Baton Rouge native James Howell wants to remind hunters to wear their safety harness. The very next day, he took down an eight-point buck with his bow and arrow.
“I try to be a godly guy, and I can’t help but believe He blessed me twice last week,” Howell told WAFB.
Just a normal hunt and then…
Howell lives and works in Breaux Bridge but hunts on land he leases near St. Francisville. On the morning of October 2, Howell had been sitting in the stand for about an hour when he shifted his weight and the stand collapsed.
He explained the top strap that secured the stand to the tree had come loose but the bottom strap was still secured. Howell said without the safety harness he “would have fallen face-first.”

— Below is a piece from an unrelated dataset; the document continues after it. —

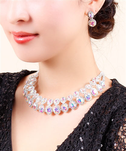 クリスタルビジュ—の華やかなデザイン♪ パーティースタイルのコーディネートのアクセントにおすすめ◎ 豪華なネックレスセットです!

Luckily, Howell was left dangling with his crossbow in one hand and his cell phone in the other.
At that height, both items would have been damaged if they fell. He called his hunting buddy who was able to get him to safety 30 minutes later.

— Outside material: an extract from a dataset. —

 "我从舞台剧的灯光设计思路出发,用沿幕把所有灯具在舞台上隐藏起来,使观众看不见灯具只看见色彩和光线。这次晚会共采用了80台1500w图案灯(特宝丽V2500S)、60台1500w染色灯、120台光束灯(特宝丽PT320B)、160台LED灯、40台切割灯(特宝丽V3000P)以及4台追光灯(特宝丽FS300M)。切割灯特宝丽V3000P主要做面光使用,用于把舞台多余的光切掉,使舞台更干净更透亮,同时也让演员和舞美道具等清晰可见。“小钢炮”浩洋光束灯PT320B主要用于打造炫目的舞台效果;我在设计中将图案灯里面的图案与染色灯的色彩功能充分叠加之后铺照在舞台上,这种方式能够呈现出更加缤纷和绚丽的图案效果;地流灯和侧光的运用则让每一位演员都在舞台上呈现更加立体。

He also managed to snap a selfie while dangling in the air for 33 minutes. Howell uses a safety harness religiously after he witnessed a friend fall out of a tree during a hunt a few years ago.
He does not use the harness that typically comes with a tree stand. Howell recommends buying after-market harnesses because they are of better quality and more comfortable.
Live to hunt another day
After buying his friend lunch for getting him out of the tree, Howell set up a tree stand at a different area of the property and hunted that afternoon without any luck.
He also set up a surveillance camera that transmits photos in real time to an app on his smartphone.
That night, Howell says he had trouble sleeping and kept receiving photos of deer at two locations on his lease.
Howell was having trouble deciding on which location to hunt so his wife recommended that he go to the stand on the west side of the property.
On the morning of October 3, Howell climbed into his stand 25 feet in the air, and double checked his safety harness and waited until daylight.
Around 6:40 a.m., just after daylight, he spotted some movement around a corn pile 25 yards from the stand.
Looking through a pair of binoculars, he spotted one of the bucks he had previously seen on the surveillance camera.
“After gathering my composure, I placed the crosshairs on my crossbow behind the shoulder, squeezed off a shot and the deer bolted.”
His blood trailing black Lab, Fender, tracked the buck about 60 yards away from where it had been shot.
The buck weighed 220 pounds and had 19 and a half inches of antlers still covered in velvet.
A local taxidermy shop is currently working to mount the eight-point buck. Howell has already eaten some of the trophy deer and says it taste great.
He had the deer processed into ground meat and cooked it in a taco bowl. Howell is proud of his trophy buck but hopes other realize the importance of safety.
“I want to urge every hunter to never get on a stand without a safety harness or life line,” he said. “I really feel my life was spared because I wore one.”